Old-school courtroom thriller finds most of its pleasure in Gosling's inspired puttering

A marble streaks down an elaborate mini roller-coaster under the opening credits to Fracture, which aspires to build suspense with the same greased efficiency. It’s an old-school courtroom thriller that unfolds with airtight logic and is structured around a series of inter-generational acting throw downs between celebrated thesps: Ryan Gosling’s inspired puttering about besting Anthony Hopkins’ Cheshire Cat-grin psycho routine.

Hopkins plays Ted Crawford, a paunchy aeronautics engineer cuckolded by his too-beautiful wife (Embeth Davidtz). Skulking around in his antiseptic modernist mansion, he offs her with dispatch. Then the plot begins in earnest, with Gosling’s hotshot assistant district attorney being assigned the case right before he’s ready to leap into the private sector for a lucrative corporate gig. Expecting a quick conviction, he’s hoodwinked by the cagey Hopkins who, representing himself, slowly unravels all the evidence mounted against him.

Director Gregory Hoblit (Primal Fear) approaches the material with restraint, keeping the camera at eye level, and allowing the actors to add their own bizarre details to deepen their characterizations.
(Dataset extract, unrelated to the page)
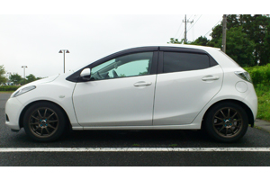 純正サスのままでタワーバー、フロアクロスバーを入れていましたが、ボーナスも出たことだし、思い切って車高調を入れようと考えていました。いろんなメーカーの中、安くても作りが良く、保証なども充実しているTEINに決め、デミオに装着出来る中で最高グレードのFLEX COMPACTを選び、EDFCを同時装着ました。用途は街乗りです。初車高調なので比較は出来ません。EDFCでシーンによって減衰を変えられる点は素晴らしいです。人を乗せるときは16段目、一人の時はいろいろ数値を変えて遊んでいます。今までは、制限速度内でもロールが怖く、手前でスピードを落としてたカーブでも、そのまますっと切り込めるようになりました。ピロアッパーマウントのおかげか、ハンドリングレスポンスが上がっていますが、ロードノイズ、ハンドルの振動が多少多くなりました。でもこれは、車を操ってる感があるので気にならないと思います。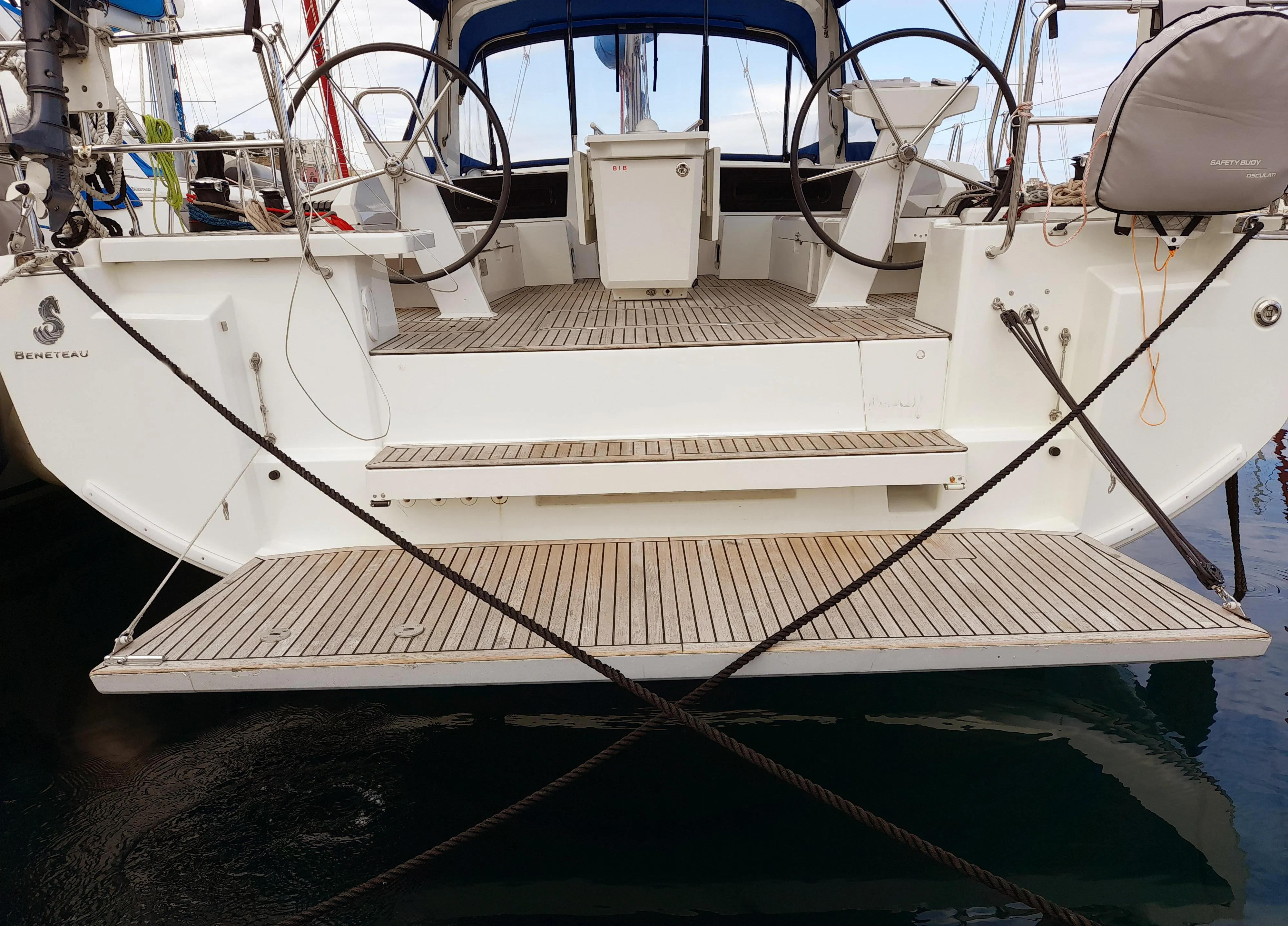 Electric windlass – Bow Thruster – Anchor with 70 m chain – Wheel – Gangway - Tender with rigid keel & two oars - Inflator – Small anchor with 15 m rope - Engine oil container– Bimini top – Sprayhood - Boathook - Fenders - Emergency anchor with 50 m rope – Winch handles - Rope (1X50m; 1x25m; 3x15m) – Bosun’s chair - Bathing ladder – Water hose – Water, petrol, outboard fuel tank, - Gas bottles (Gas included) - Funnel - Bucket – Deck brush – Table – Outside shower - Work gloves - Cable 220V with battery charger – Cockpit cushion – Snorkelling Fins – Cockpit speakers – Wind breaker jacket – Wind Scoop

He’s also chosen an unusually harsh lighting scheme, as if each actor was always under a spotlight in an interrogation room, and tends to employ unmotivated tracking shots when he gets bored. But most importantly he keeps the plot moving, and allows Gosling to do his work -- which is where most of the pleasure lies here.

His Willy Beachum is restless, a highly ambitious Southern kid who owns every space he saunters through. Gosling adds loads of detail: the way he arrogantly splays on the couch at the initial crime scene; pops nuts into his mouth like a nervous tic; digs into the mail guy for choosing a popcorn-flavored jelly bean; or the awkward overhand grip he puts on his fork, shoveling in his Thanksgiving dinner like he’s at a trough. These early scenes of exposition are the best in the movie because of these endearing eccentricities, and the supporting cast plays off him beautifully, including David Straithairn as the paternalistic DA and Zoe Kazan as his doe-eyed secretary.
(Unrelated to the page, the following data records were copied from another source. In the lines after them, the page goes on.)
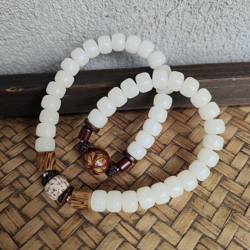 白玉菩提子佛珠手串金攀莲复古风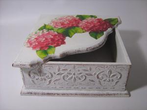 Ръчно изработена кутия за салфетки. Състарена и направена с техникaта Декупаж в стил Шаби шик.Изработена от MDF материал.Декорирана с екологично чисти материали, бои и лакове на водна основа. Размери: дължина 20см.x 20см.Прекрасен подарък и украса за всяка кухня и дом.За изработването са необходими 2-3 работни дни.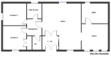 En rez-de-chaussée : un séjour/salle de à manger de 40m², cuisine séparée, buanderie, 2 chambres, salle de bains et WC séparés.
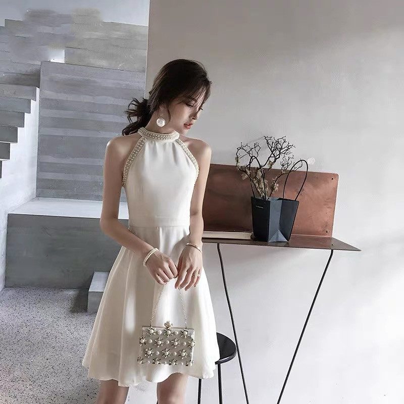 糖力美洋装小礼服2024夏季新款气质挂脖白色生日派对主持人连衣裙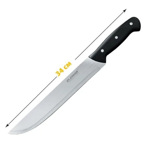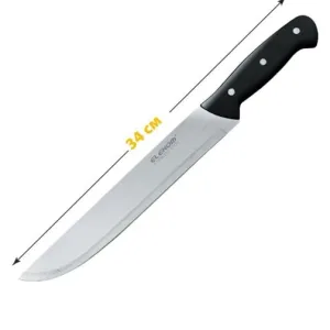 Универсален кухненски нож EK-P 78-9 с дължина на острието 22,9 см и обща дължина 34 см. Изработен от висококачествена неръждаема стомана с дебелина на острието 2 мм, този нож е идеален за всякакви кухненски задачи. Удобната матова черна дръжка осигурява стабилен и комфортен захват.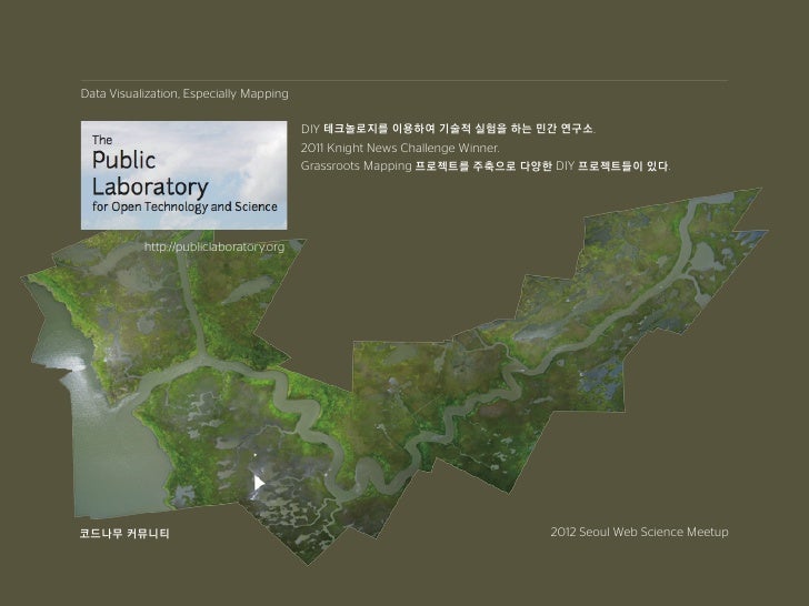 28. 28. Data Visualization, Especially Mapping DIY 테크놀로지를 이용하여 기술적 실험을 하는 민간 연구소. 2011 Knight News Challenge Winner. Grassroots Mapping 프로젝트를 주축으로 다양한 DIY 프로젝트들이 있다. http://publiclaboratory.org코드나무 커뮤니티 2012 Seoul Web Science Meetup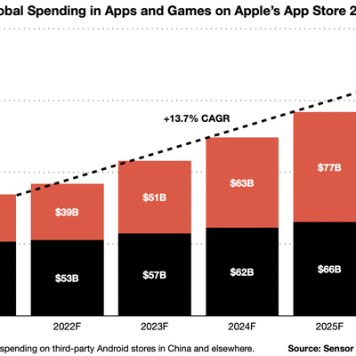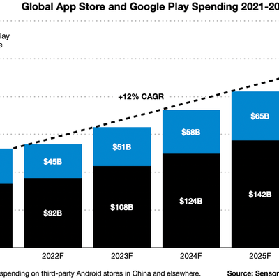 Sensor Tower 估计 2021 年,消费者在 AppStore 开支为 850 亿美元,在 Google Play 的开支为 470 亿美元。预计到 2026 年,前者开支会达到 1610 亿美元,而后者也会达到 720 亿美元。

Things screech to a halt with the dramatic money shots, though, as Gosling holds back in the presence of Hopkins, playing it straighter to let the script‘s able machinery take over. Hopkins trots out a watered down Hannibal routine, all icy glares and sarcastic put-downs. It’s a predictable monstrosity that could have used some ham, but Hopkins plays it detached all the way through to Fracture's elegantly plotted ending -- satisfying in its sober rationality.